According to the AP, Greenspan, 82, acknowledged under questioning that he had made a "mistake" in believing that banks, operating in their own self-interest, would do what was necessary to protect their shareholders and institutions. Greenspan called that "a flaw in the model ... that defines how the world works."
Greenspan's error was that he failed to read Intro to Borenstein's Law.
In June, 2005, I was trying to explain why our criminal clients act in ways that are often ascribed to stupidity. I pointed out that intelligence and education was an unreliable barrier to risky behavior.
As I explained, people (not just our clients) act contrary to their best interests so often that it can be called the norm, not an aberration.
In fact, supposedly smart people (like Bill Clinton and Dick Nixon) commit reckless acts that satisfy immediate urges without considering the consequences.The drive for sex, money, power and other elemental desires often overwhelms caution, reason, or religious teachings (uh, abusing priests ... q.e.d.).
Greenspan's presumption that bankers would be restrained by their sense of financial responsibility because it was in their own self-interest to do so is naive, reflecting a misunderstanding of history and law.

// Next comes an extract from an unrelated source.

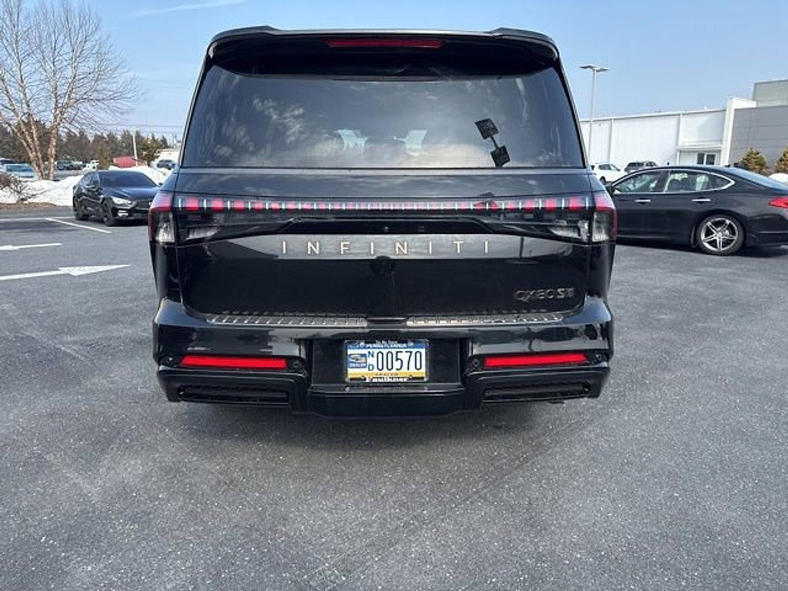 *Backup Camera*, *Bluetooth® Hands-Free Calling*, *Remote Engine Start*, *All Wheel Drive*, *Leather Seats*, *Heated Seats*, *Heated Steering Wheel*, *Around View Monitor Advanced Technology*, *Sunroof/Moonroof*, *Navigation / GPS*, *INFINITI InTouch Navigation *, *XM Satellite Radio*, *Apple Car Play*, *Android Auto*, *Forward Emergency Braking*, *Adaptive Cruise Control*, *Multizone Climate Systems*, *Steering Wheel-Mounted Controls*, *Intelligent Forward Collision Warning*, *Lane Keep Assist with Lane Departure Warning*, *Memory Seat Package*, *Premium Audio Package*, *Tire Pressure Monitoring System*, *Rear Climate Package*, 3rd row seats: bench, 4-Wheel Disc Brakes, ABS brakes, Active Cruise Control, Adaptive suspension, AM/FM radio: SiriusXM with 360L, Anti-whiplash front head restraints, Apple CarPlay/Android Auto, Auto High-beam Headlights, Auto-leveling suspension, Automatic temperature control, Black Roof Rail Crossbars, Dark Chrome Rear Bumper Protector, Dual front impact airbags, Front dual zone A/C, Heads-Up Display, Heated and Climate Controlled Front Bucket Seats with Massage, Heated door mirrors, Heated front seats, Heated rear seats, Heated steering wheel, Leather steering wheel, Memory seat, Power driver seat, Power Liftgate, Power moonroof, Power passenger seat, Power steering, Radio: Klipsch Premiere Audio System, Rear air conditioning, Reclining 3rd row seat, Sport Exterior Package, Telescoping steering wheel, Ventilated front seats, Ventilated rear seats, Wheels: 22" x 8.5J Unique SPORT Alloy.
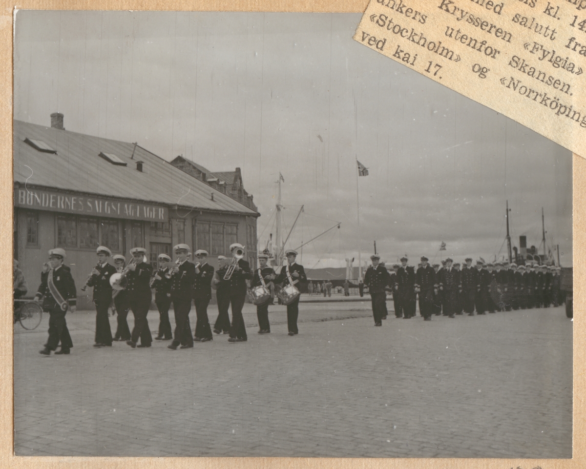 De svenske krigsskipene kom till Trondheim presis kl 14.30 i går, og bie hilst med salutt fra Kristiansten. Kryssaren Fylgia gikk till ankers utenfor Skansen. Jagerne Stockholm og Norrköping la till ved kl 17.

Supposed conservatives recognize the wisdom of restraints on government and individuals imposed by the Constitution and criminal laws. Yet, they also urge limiting restraints on the so-called Free Market, assuming that the inherent structure of the marketplace will suffice.
Smart people like Alan Greenspan thus draw risky conclusions about human behavior --- not too different from the kinds of decisions our dumb criminal clients make, like assuming that their homies won't snitch them off when cornered by the cops.